BootsnAll Travel Network



Luang Prubang – Royal Palace Museum and Phu Si Hill

January 20th, 2007

For days we debated what to do. Visit the Plain of Jars or not.
Should i visit another archeological site of world importance or take the stunning journey back to Vientiane. It’s not often in life that one is faced with such choices every day. These are the stresses i am faced with while travelling. How awful i’m sure you’ll agree.

The Plain of Jars is a large group of historic, cultural sites consisting of thousands of ancient stone jars, some two metres tall, scattered over large fields. Archeological authorities are still unsure of their raison d’etre, but it has been hypothesised they once contained the cremated human remains.

Sounded fascinating. Unfortunately this mysterious site was situated eight hours east of Luang Prubang and required backtracking that eight hours to Luang Prubang when we were already travelling 12 hours back from LP to Vientiane to reach the south of the country – all because the road from the Plain of Jars (Phonsovan) down south is a notoriously dangerous Special Military Zone where a low level insurgency and secretive counter operations are being waged.

Moreover, the Plain of Jars remains a dangerous site of unexploded bombs which still cause injuries every week. I did not trust my feet.

So we spent another day in Luang Prubang and visited the Royal Palace Museum. Originally, as the name suggests this building was the royal palace, residence of King Si Savanguang. Since the revolution it has been converted into a museum.

The museum pieces were a mixture of Laos art and Buddhist relics including the Phra Bang (from which the town takes its name), a Buddha cast of a gold, silver and bronze alloy. The secretary’s reception room is filled with diplomatic gifts from a variety of countries grouped into “socialist” and “capitalist” countries.

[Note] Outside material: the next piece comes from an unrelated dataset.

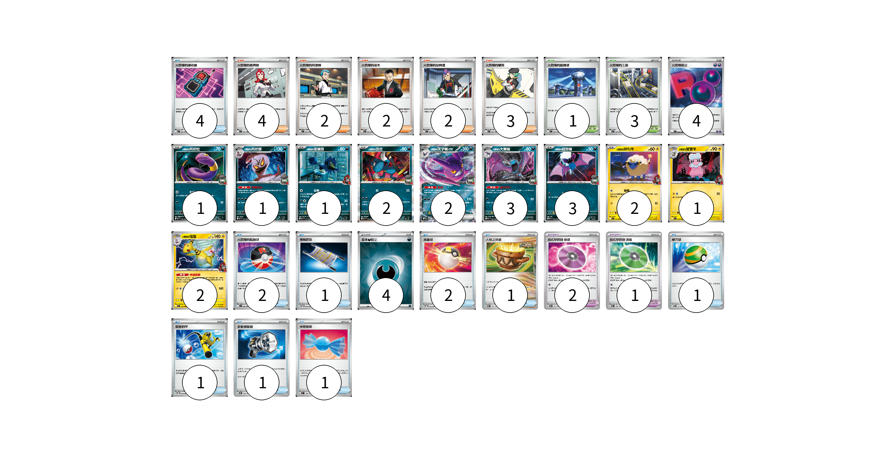 牌組構築方案 以此牌組為基礎新構築牌組 顯示卡面 顯示列表 寶可夢卡(18) 1 1 1 2 2 3 3 2 1 2 寶可夢道具(3) 2 1 物品卡(14) 4 2 1 2 1 1 1 1 1 支援者卡(13) 4 2 2 2 3 競技場卡(4) 1 3 能量卡(8) 4 4 寶可夢卡(18) 卡牌名稱 張數 卡牌名稱 張數 <火箭隊的>阿柏蛇 SV10 056/098 01 <火箭隊的>阿柏怪 SV10 057/098 01 <火箭隊的>黑暗鴉 SV10 071/098 01 <火箭隊的>狃拉 SV10 072/098 02 <火箭隊的>叉字蝠ex SV10 066/098 02 <火箭隊的>大嘴蝠 SV10 065/098 03 <火箭隊的>超音蝠 SV10 064/098 03 <火箭隊的>咩利羊 SV10 034/098 02 <火箭隊的>茸茸羊 SV10 035/098 01 <火箭隊的>電龍 SV10 036/098 02 寶可夢道具(3) 卡牌名稱 張數 卡牌名稱 張數 招式學習器 衰退 SV8a 161/187 02 招式學習器 演進 SV8a 160/187 01 物品卡(14) 卡牌名稱 張數 卡牌名稱 張數 火箭隊的接收器 SV10 090/098 04 火箭隊的超級球 SV10 088/098 02 夜間擔架 SVOM 016/021 01 高級球 SVOD 012/020 02 大地之容器 SV8a 143/187 01 巢穴球 SVEL 011/020 01 厲害釣竿 SVOD 010/020 01 反擊捕捉器 SV8a 139/187 01 神奇糖果 SVM 135/175 01 支援者卡(13) 卡牌名稱 張數 卡牌名稱 張數 火箭隊的雅典娜 SV10 091/098 04 火箭隊的阿波羅 SV10 092/098 02 火箭隊的坂木 SV10 093/098 02 火箭隊的拉姆達 SV10 094/098 02 火箭隊的蘭斯 SV10 095/098 03 競技場卡(4) 卡牌名稱 張數 卡牌名稱 張數 火箭隊的監視塔 SV10 096/098 01 火箭隊的工廠 SV10 097/098 03 能量卡(8) 卡牌名稱 張數 卡牌名稱 張數 火箭隊能量 SV10 098/098 04 基本【惡】能量 SVOM DAR 04 以此牌組為基礎新構築牌組 牌組編碼 fxxIGI-FXbpXj-LHPUbr copy 列印牌組單 牌組編碼已複製 分享至SNS

The palace, a museum piece in itself, surprised me. Built in 1904 and reflecting the dominant newer styles of the time the buildings is a hybrid structure commissioned by the French colonial administration, mixing French and Lao architecture. Fleur-de-ly emblems and french mirrors, three headed elephants and Lao embroidered silk; a deliberate synthesis to cement the (unequal) relationship.

For the rest of this post please go here.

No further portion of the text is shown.